**THE TASK**
Pictures do not belong in the output. Reproduce exactly the lines from the start of the records through the line with "The SAMSUNG ENTERTAINER app".

**DATA**
◆ ◆ ◆ ◆

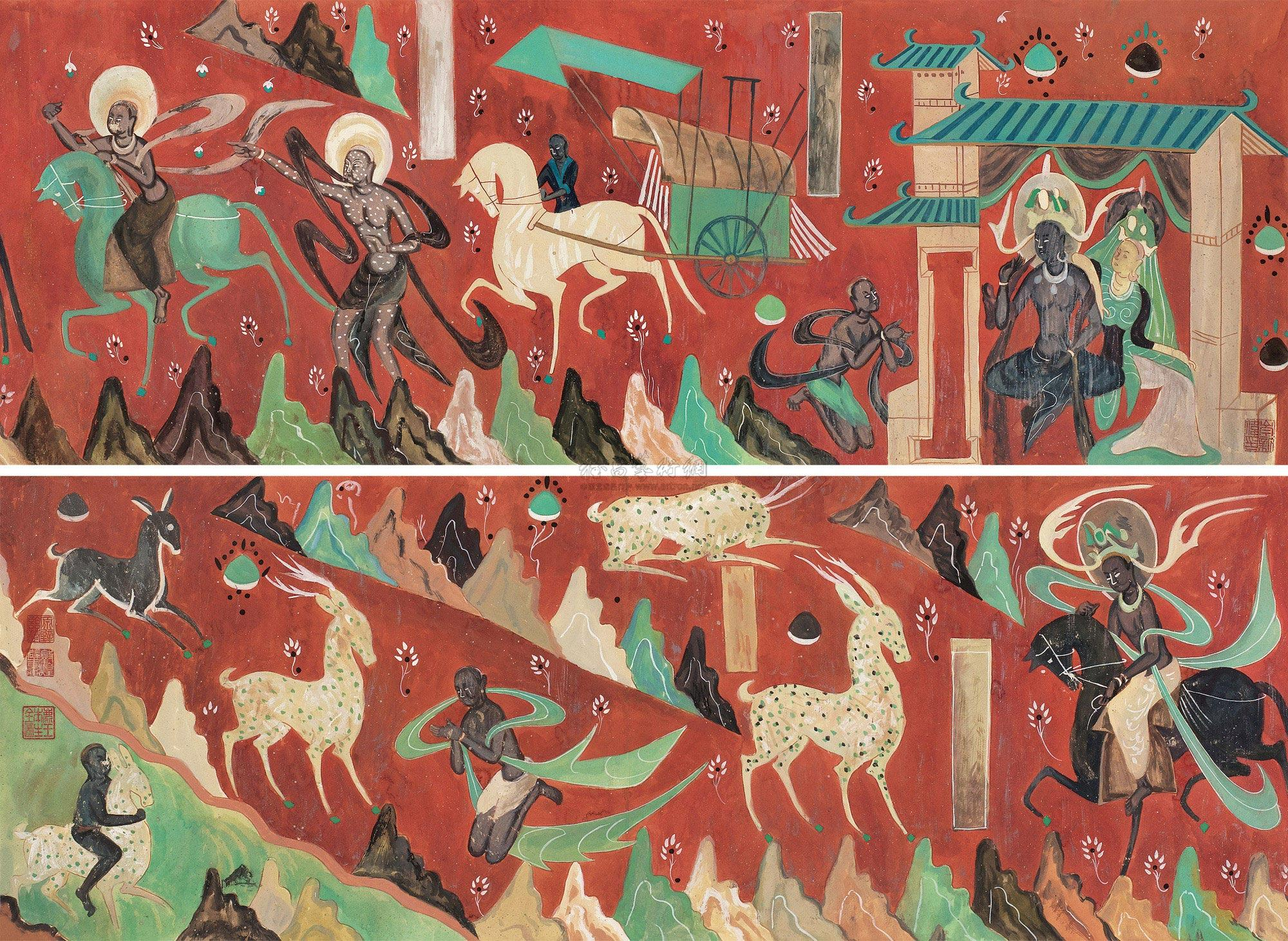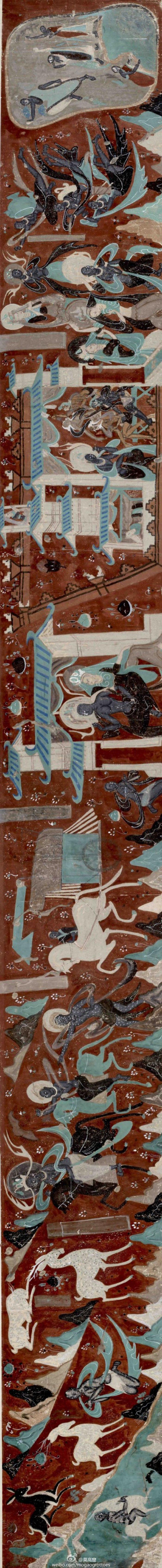 传说从前在印度的恒河岸边,有一只美丽而善良的九色鹿王。一天,九色鹿王正在河边悠闲散步,突然听到河里传来凄惨的呼救声。勇敢的九色鹿,不顾自身的安危,纵身跳入河中,顽强地与恶浪搏斗,终于把落水人调达救上岸来。调达庆幸自己的再生,感激涕零,向九色鹿频频叩头道谢。九色鹿王说:“不必谢了,回去吧,亲爱的调达,我只希望你不要向任何人透露我的行踪。”调达发誓说:“恩人啊,请你放心。如果我背信弃义,就叫我浑身长满烂疮,嘴里散发出恶臭。”说完就走了。在途中,调达见到了一张国王悬赏捕捉九色鹿的布告,说摩因先王的王后因梦见美丽的九色鹿而想马上得到它,谁能捉到九色鹿或知道九色鹿在哪里,报告国王,就可以领赏。忘恩负义的调达见利忘义,立即前去告密,并带领国王的大批兵马去捕捉九色鹿。处于重重包围中的九色鹿,猛然跳到国王面前,呈述了救调达及调达背叛誓言的经过。九色鹿的呈述,深深地感动了国王及士兵,大家那愤怒而厌恶的目光一起射向忘恩负义的小人—调达。调达无地自容,刹时间在他身上长满了烂疮,嘴里散发着恶臭,从此永远受到人们的鄙弃和唾骂。国王非常惭愧,愤怒地斥责调达,并下令全国,以后任何人都不准伤害九色鹿。王后贪婪的欲望落空了,她又羞又恨,最后也心碎而死。原图横置版:下面这张长图是带水印的,源自莫高窟的官方微博,值得一提的是,《鹿王本生图》作为长卷式构图的壁画,它的叙事结构和《洛神赋》不一样,它的叙事顺序是从长卷的左右两端开始往中间叙事,左侧描绘九色鹿救起落水人、落水人长跪致谢等情节,右侧描绘王后要求国王给她捕杀九色鹿、落水人告密、落水人引国王军队去树林,中央的主要位置画九色鹿向国王诉说救落水人的经过,不过我在展示上仍然还是从右至左放置:
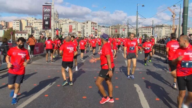 Galata Köprüsü'ndeki koşuya bin beş yüz sporcu katıldı. Koşu için bazı cadde ve meydanlar trafiğe kapandı.
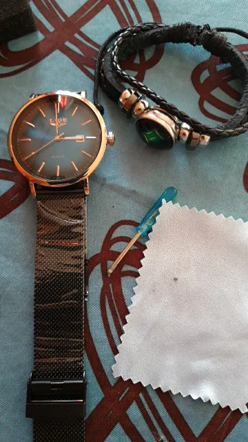 Циферблат часов немного темнее, чем на фото. Часы большие, что удобно людям с плохим зрением, не нужно надевать очки, чтобы увидеть время. Купила за 800 рублей. Продавец положил в посылку браслетик из бусин. Что было приятным сюрпризиком.
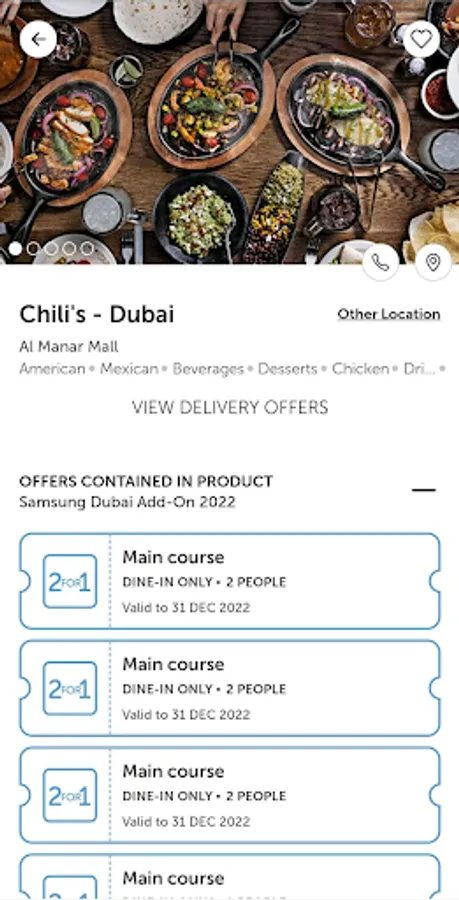 The SAMSUNG ENTERTAINER app brings you great value with thousands of of 2-for-1 and percentage across UAE. Discover new restaurants or treat the kids to a fun holiday with the SAMSUNG ENTERTAINER. All our offers are valid all year round, 7 days a week, with almost zero restrictions as to how and when you use them*.
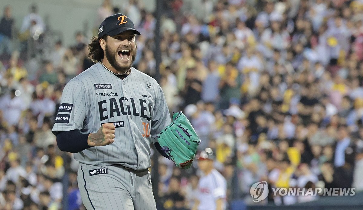 (서울=연합뉴스) 김인철 기자 = 28일 서울 송파구 잠실야구장에서 열린 2025 프로야구 KBO리그 한화 이글스와 LG 트윈스의 경기. 6회말 2사 2루 한화 선발 폰세가 LG 오스틴을 좌익수 플라이 아웃으로 처리한 뒤 기뻐하고 있다. 2025.5.28 yatoya@yna.co.kr
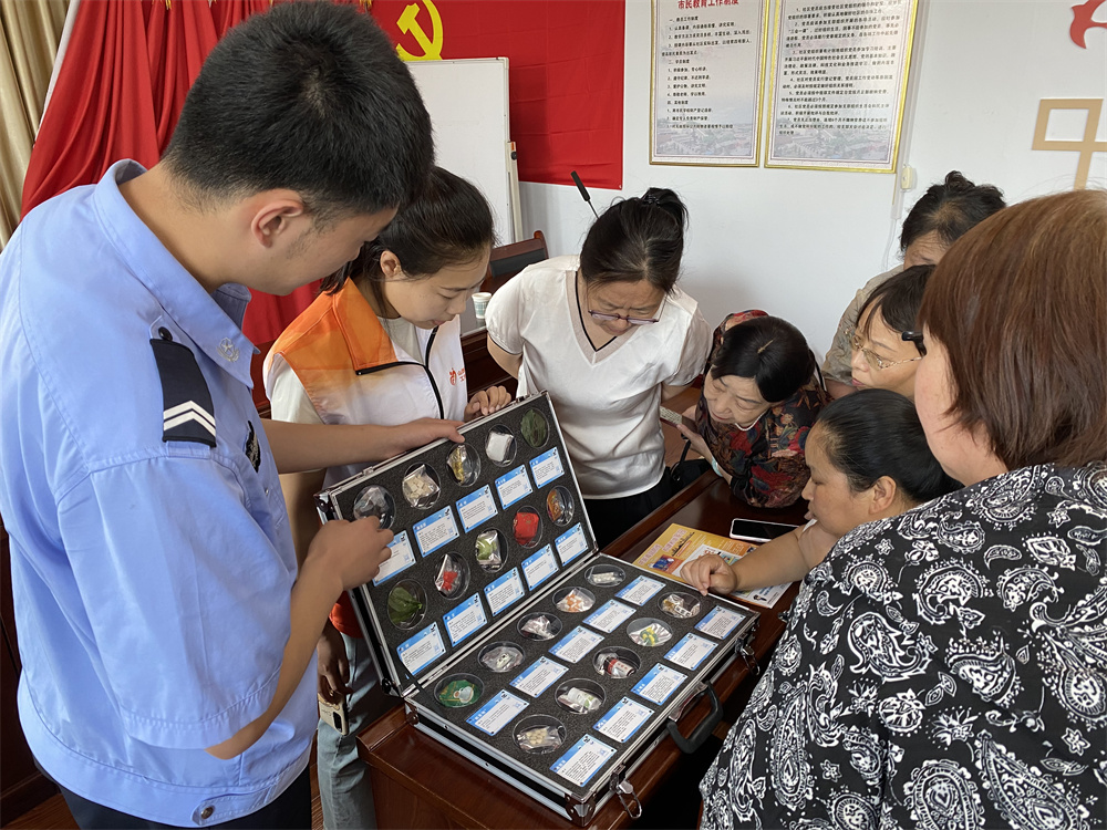 活动中,禁毒民警和禁毒社工通过悬挂横幅、展示毒品仿真模型等方式,向社区居民以及社区网格员讲解了毒品的危害、种类和毒瘾难戒的原因,提醒居民认清新型毒品的危害,自觉抵制毒品。
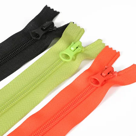 The zipper features a top-grade nylon tape construction. The puller is made of high-quality metal which boasts smooth sliding. This nylon zipper is a great haberdashery for clothing design.
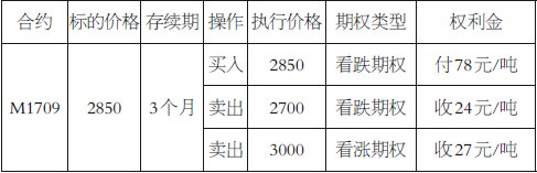 由于豆粕期货期权已于3月31日在大连商品期货交易所上市,所以其定价波动率不需要像场外一样考虑额外成本,此处买卖期权均使用14%的波动率,并假定期权到期仅剩3个月。该组合需要支付的净权利金=78-24-27=27元/吨,期权的最大行权收益=2850-2700=150元/吨,最大损失等于价格涨幅超过3000元/吨的部分。如果进一步将卖出看跌期权的行权价变更为2750元/吨,则可以收权利金37元/吨,将看涨期权的行权价变更为2950元/吨,则可以收权利金40元/吨,净权利金=78-37-40=1元/吨。可见对于波动率较小的品种,如果想大幅降低权利金,买卖期权的行权价设定不能虚值太多。虽然场内买卖期权的波动率点差非常小,但对于当前的市场来说还处于初级发展阶段,在构建该组合时必须要考虑流动性的问题,相应的保证金规则也不同于场外期权。
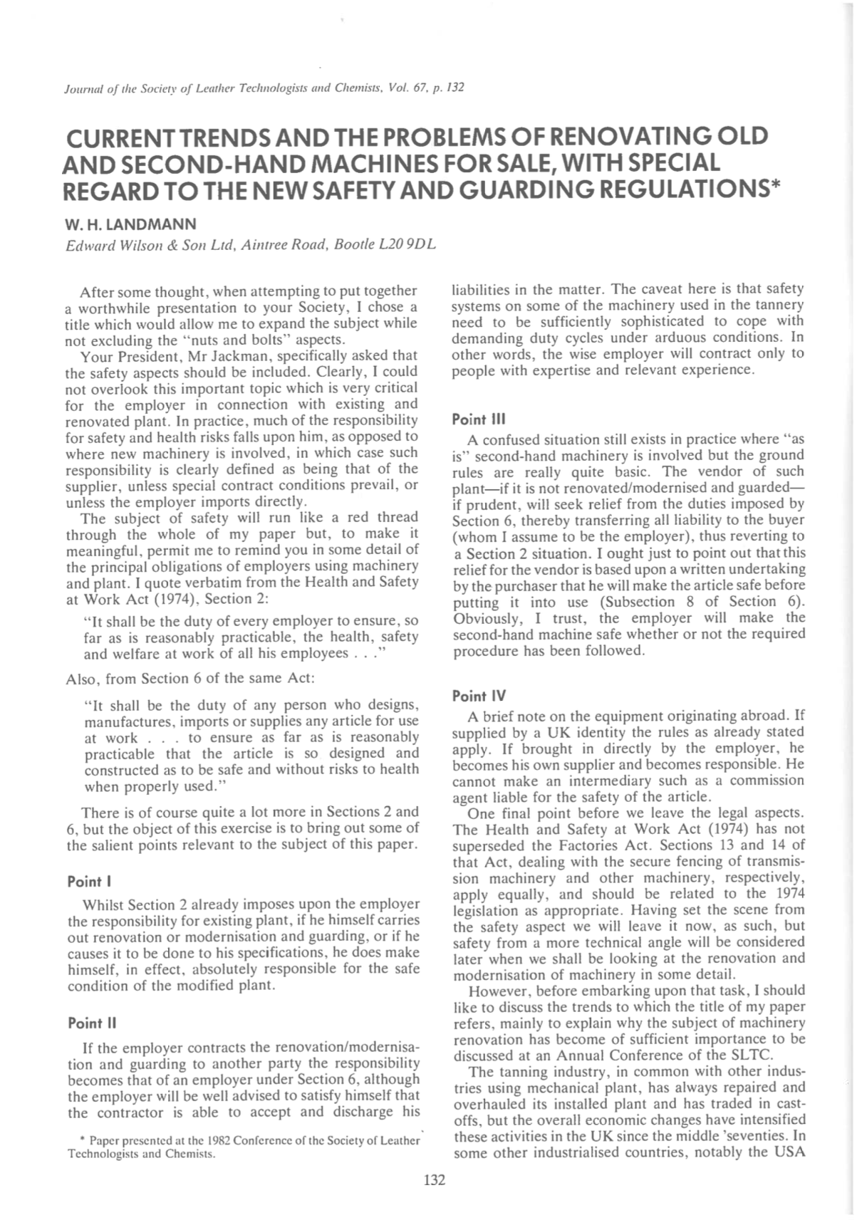 Current Trends and the Problems of Renovating Old and Second-Hand Machines for Sale, with Special Regard to the New Safety and Guarding Regulations
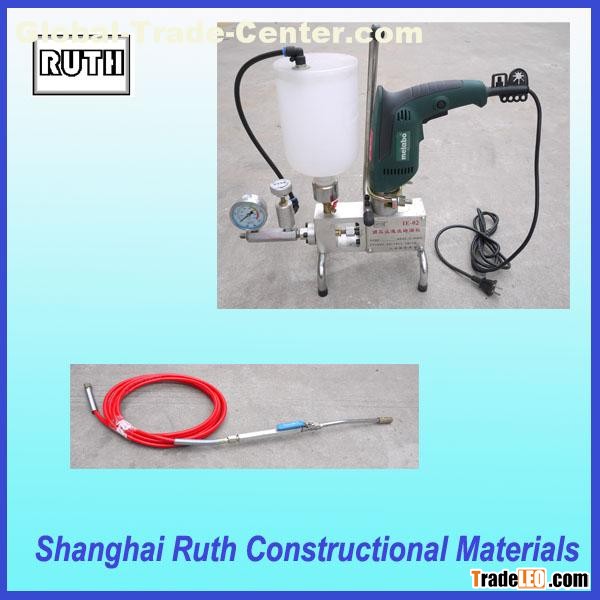 High Pressure Injection Machine is IE-02 is a piston pump with the pressure regulation for classical micro-grouting with one component polyurethane materials or epoxy resin. Construction of the pump enables easy operation and maintenance. Parts of the pump are drive (electric drill), high pressure hose, coupler (4 jaws for connecting the hose to the packer with a ball-head nipple), standby tool, repair kits.
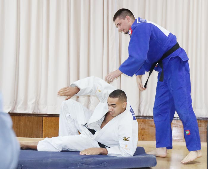 Мастер спорта международного класса Жуков Игорь и мастер спорта Сочилович Антон продемонстрировали зрителям свое мастерство и красоту «гибкого пути» — дзюдо.
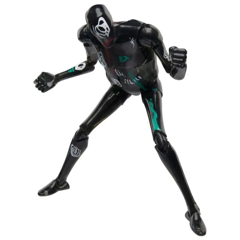 La figura de The Spot destaca por su acabado en color negro brillante, decorado con manchas blancas y detalles en verde y rojo que capturan perfectamente su apariencia singular y misteriosa. Cada articulación en cabeza, brazos y piernas permite poses dinámicas y creativas.
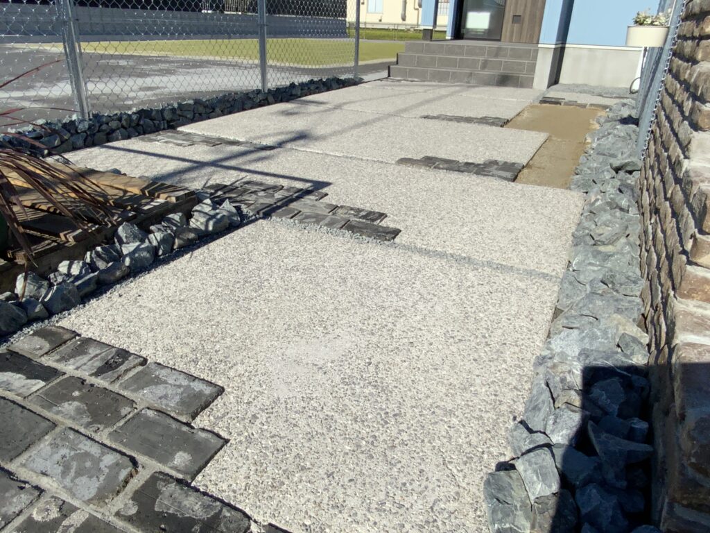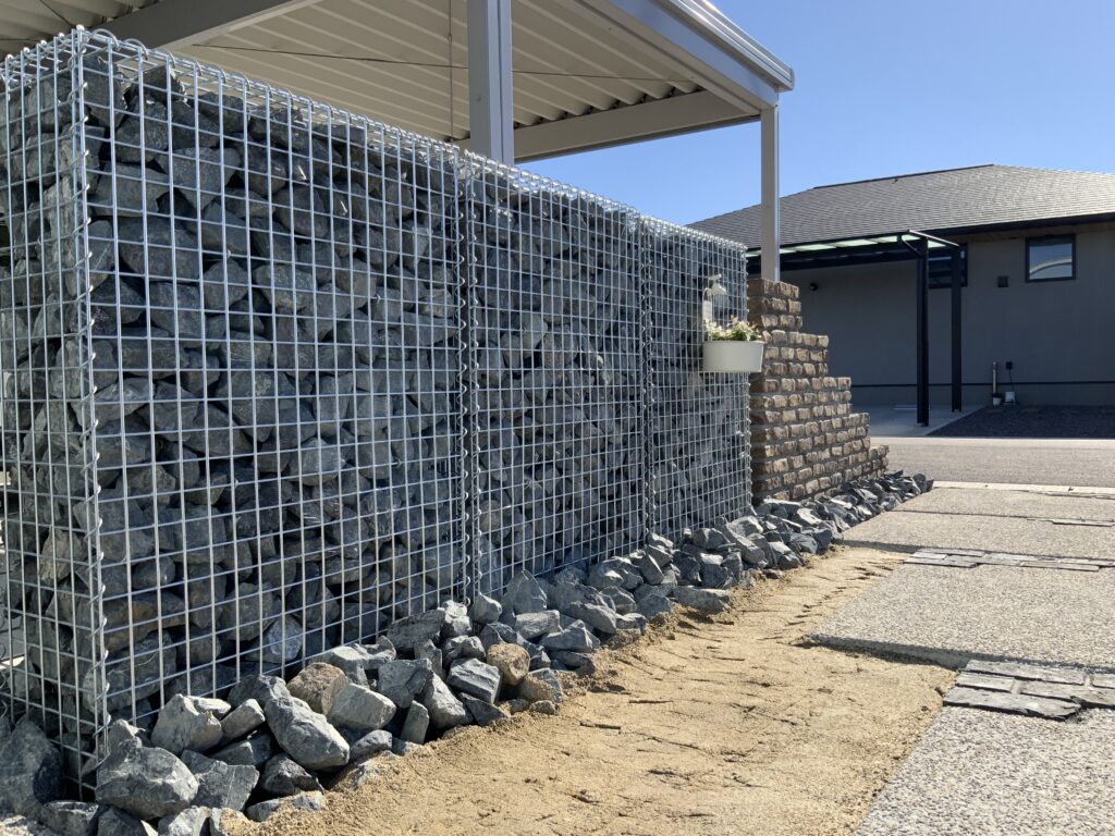 Outterior-SORA > 外観 > 宇佐市 My様邸 外構工事 宇佐市 My様邸 外構工事 2025年10月 外観門まわりアプローチ駐車スペースフェンス・目隠しフェンスベンチ・砂場・BBQ アメリカンフェンス・ガビオーネなどオシャレでカッコよい玄関まわり。 ガビオーネとレンガウォール アンティークレンガと洗出しのアプローチ ・玄関まわり ・階段状のレンガウォールとガビオーネ 人工芝 姫高麗芝 カタマスペシャル « 前の記事へ トップページへ戻る

◆ ◆ ◆ ◆

**RESULT**
 传说从前在印度的恒河岸边,有一只美丽而善良的九色鹿王。一天,九色鹿王正在河边悠闲散步,突然听到河里传来凄惨的呼救声。勇敢的九色鹿,不顾自身的安危,纵身跳入河中,顽强地与恶浪搏斗,终于把落水人调达救上岸来。调达庆幸自己的再生,感激涕零,向九色鹿频频叩头道谢。九色鹿王说:“不必谢了,回去吧,亲爱的调达,我只希望你不要向任何人透露我的行踪。”调达发誓说:“恩人啊,请你放心。如果我背信弃义,就叫我浑身长满烂疮,嘴里散发出恶臭。”说完就走了。在途中,调达见到了一张国王悬赏捕捉九色鹿的布告,说摩因先王的王后因梦见美丽的九色鹿而想马上得到它,谁能捉到九色鹿或知道九色鹿在哪里,报告国王,就可以领赏。忘恩负义的调达见利忘义,立即前去告密,并带领国王的大批兵马去捕捉九色鹿。处于重重包围中的九色鹿,猛然跳到国王面前,呈述了救调达及调达背叛誓言的经过。九色鹿的呈述,深深地感动了国王及士兵,大家那愤怒而厌恶的目光一起射向忘恩负义的小人—调达。调达无地自容,刹时间在他身上长满了烂疮,嘴里散发着恶臭,从此永远受到人们的鄙弃和唾骂。国王非常惭愧,愤怒地斥责调达,并下令全国,以后任何人都不准伤害九色鹿。王后贪婪的欲望落空了,她又羞又恨,最后也心碎而死。原图横置版:下面这张长图是带水印的,源自莫高窟的官方微博,值得一提的是,《鹿王本生图》作为长卷式构图的壁画,它的叙事结构和《洛神赋》不一样,它的叙事顺序是从长卷的左右两端开始往中间叙事,左侧描绘九色鹿救起落水人、落水人长跪致谢等情节,右侧描绘王后要求国王给她捕杀九色鹿、落水人告密、落水人引国王军队去树林,中央的主要位置画九色鹿向国王诉说救落水人的经过,不过我在展示上仍然还是从右至左放置:
 Galata Köprüsü'ndeki koşuya bin beş yüz sporcu katıldı. Koşu için bazı cadde ve meydanlar trafiğe kapandı.
 Циферблат часов немного темнее, чем на фото. Часы большие, что удобно людям с плохим зрением, не нужно надевать очки, чтобы увидеть время. Купила за 800 рублей. Продавец положил в посылку браслетик из бусин. Что было приятным сюрпризиком.
 The SAMSUNG ENTERTAINER app brings you great value with thousands of of 2-for-1 and percentage across UAE. Discover new restaurants or treat the kids to a fun holiday with the SAMSUNG ENTERTAINER. All our offers are valid all year round, 7 days a week, with almost zero restrictions as to how and when you use them*.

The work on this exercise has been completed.